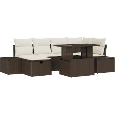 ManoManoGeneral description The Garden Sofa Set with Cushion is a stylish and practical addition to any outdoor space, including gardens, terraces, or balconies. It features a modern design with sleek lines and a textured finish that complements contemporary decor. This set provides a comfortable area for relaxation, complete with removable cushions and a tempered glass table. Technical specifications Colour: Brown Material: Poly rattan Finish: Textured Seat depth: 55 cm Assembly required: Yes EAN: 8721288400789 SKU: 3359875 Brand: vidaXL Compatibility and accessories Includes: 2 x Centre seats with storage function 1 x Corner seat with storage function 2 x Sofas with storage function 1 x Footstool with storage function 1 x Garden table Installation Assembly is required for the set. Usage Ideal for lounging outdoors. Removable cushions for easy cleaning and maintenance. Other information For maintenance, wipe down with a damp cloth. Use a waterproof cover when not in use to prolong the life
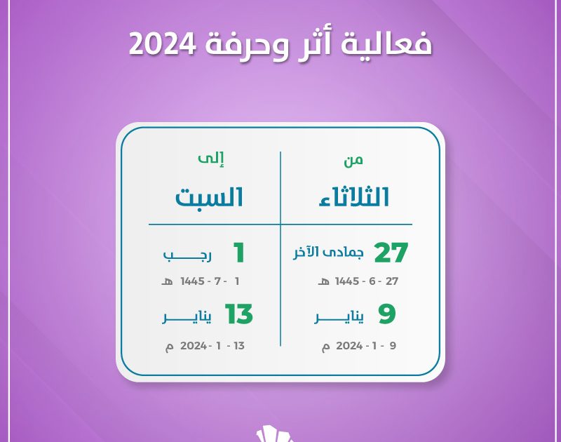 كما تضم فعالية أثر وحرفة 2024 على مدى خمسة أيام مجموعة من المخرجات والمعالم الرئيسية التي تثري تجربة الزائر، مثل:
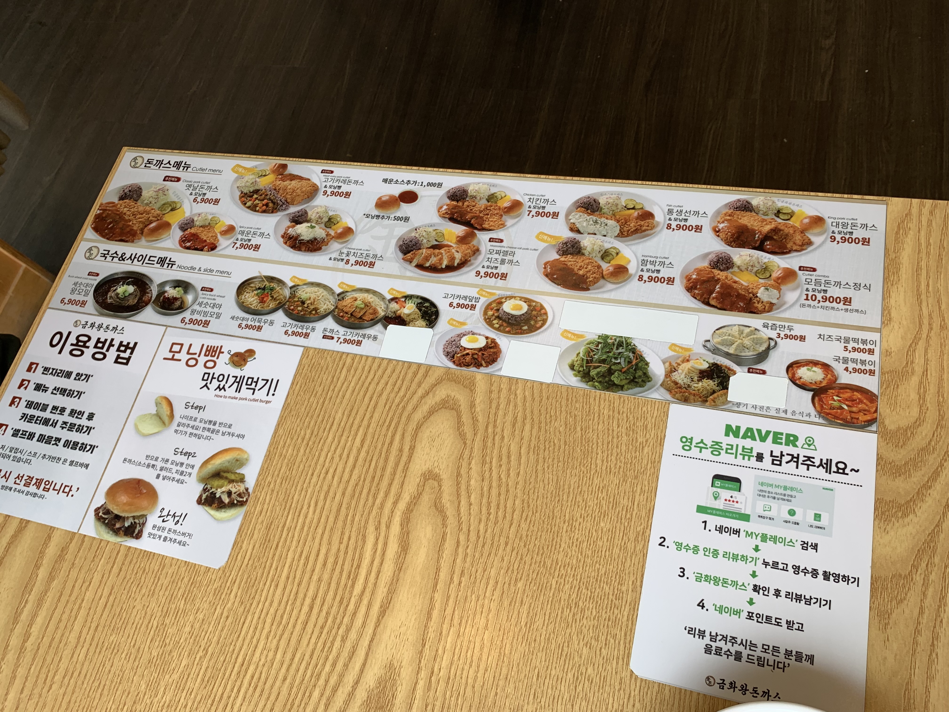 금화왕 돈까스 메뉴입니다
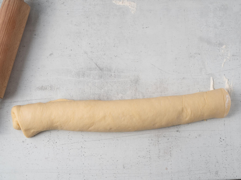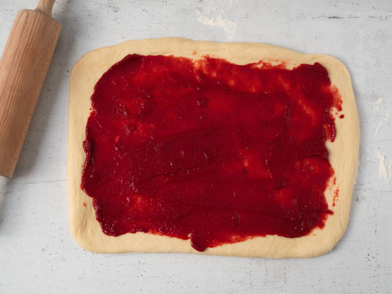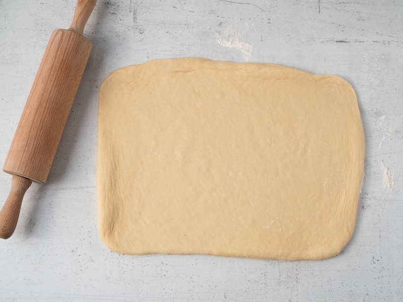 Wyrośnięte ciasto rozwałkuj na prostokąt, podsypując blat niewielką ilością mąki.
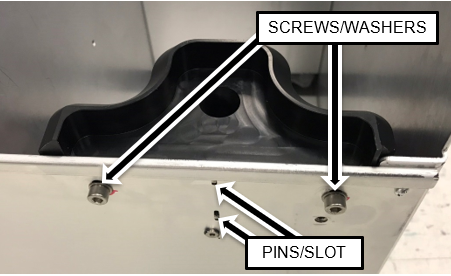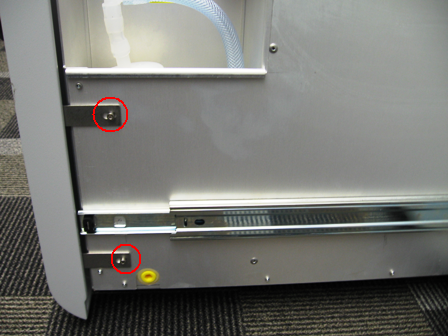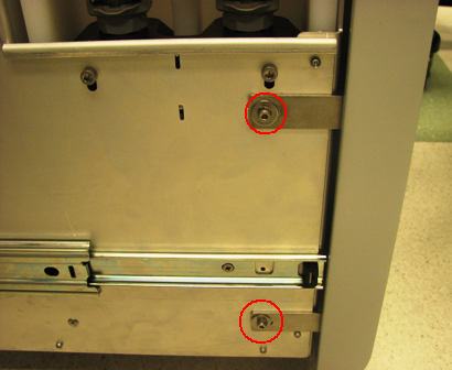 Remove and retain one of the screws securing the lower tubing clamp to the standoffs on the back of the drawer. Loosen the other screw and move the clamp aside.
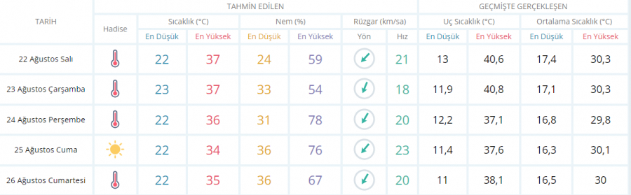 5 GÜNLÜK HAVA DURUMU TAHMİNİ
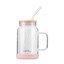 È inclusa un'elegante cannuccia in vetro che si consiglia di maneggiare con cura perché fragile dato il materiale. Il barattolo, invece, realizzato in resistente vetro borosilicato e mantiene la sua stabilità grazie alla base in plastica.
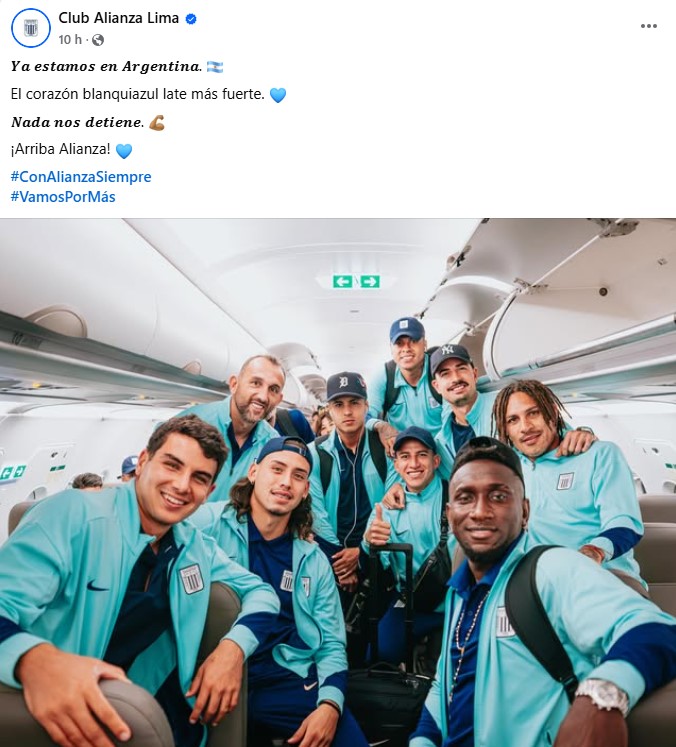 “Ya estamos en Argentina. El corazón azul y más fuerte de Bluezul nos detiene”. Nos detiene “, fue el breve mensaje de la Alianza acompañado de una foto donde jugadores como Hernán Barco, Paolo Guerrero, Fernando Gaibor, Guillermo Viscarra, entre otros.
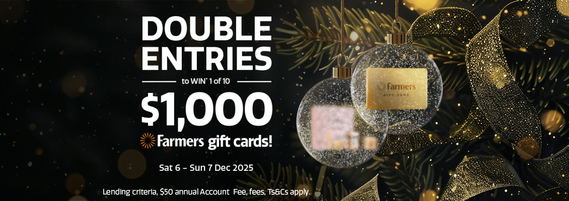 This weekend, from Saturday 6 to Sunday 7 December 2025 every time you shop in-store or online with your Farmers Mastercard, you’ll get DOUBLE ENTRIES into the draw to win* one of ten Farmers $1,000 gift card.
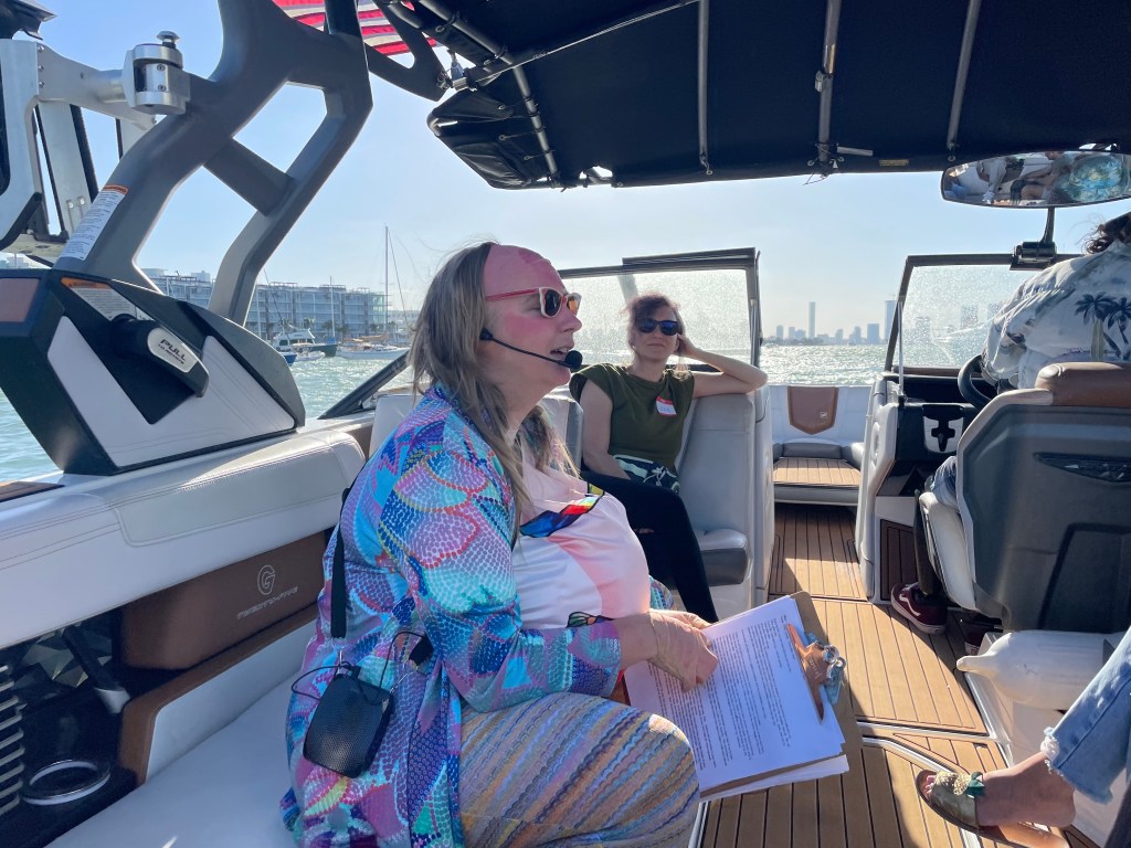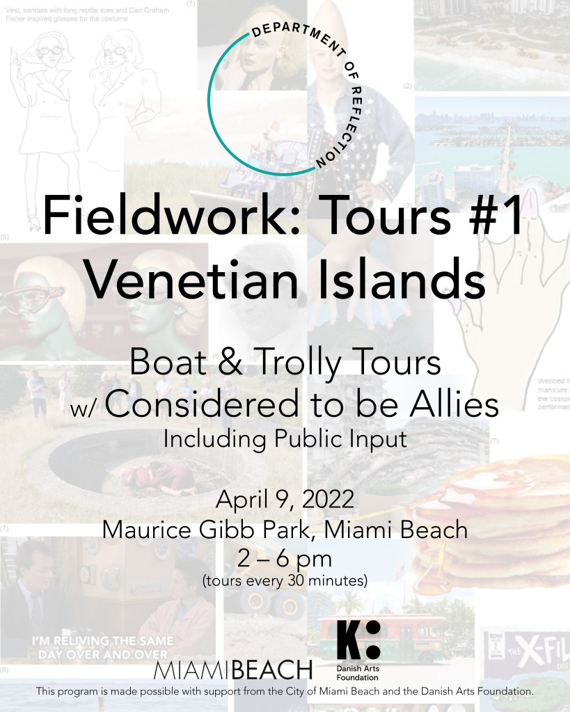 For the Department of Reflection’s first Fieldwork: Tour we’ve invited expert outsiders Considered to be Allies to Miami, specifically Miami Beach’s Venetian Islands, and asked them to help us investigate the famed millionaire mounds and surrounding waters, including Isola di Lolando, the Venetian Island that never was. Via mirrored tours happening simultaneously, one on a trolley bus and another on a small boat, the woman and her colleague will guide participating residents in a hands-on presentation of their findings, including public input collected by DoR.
::::
§ **Work request**:
All that should appear in the answer is the lines above from the line with "5 GÜNLÜK HAVA DURUMU TAHMİNİ" through the line with "È inclusa un'elegante", retyped exactly, pictures left out.

§ **Result for this task**:
 5 GÜNLÜK HAVA DURUMU TAHMİNİ
 È inclusa un'elegante cannuccia in vetro che si consiglia di maneggiare con cura perché fragile dato il materiale. Il barattolo, invece, realizzato in resistente vetro borosilicato e mantiene la sua stabilità grazie alla base in plastica.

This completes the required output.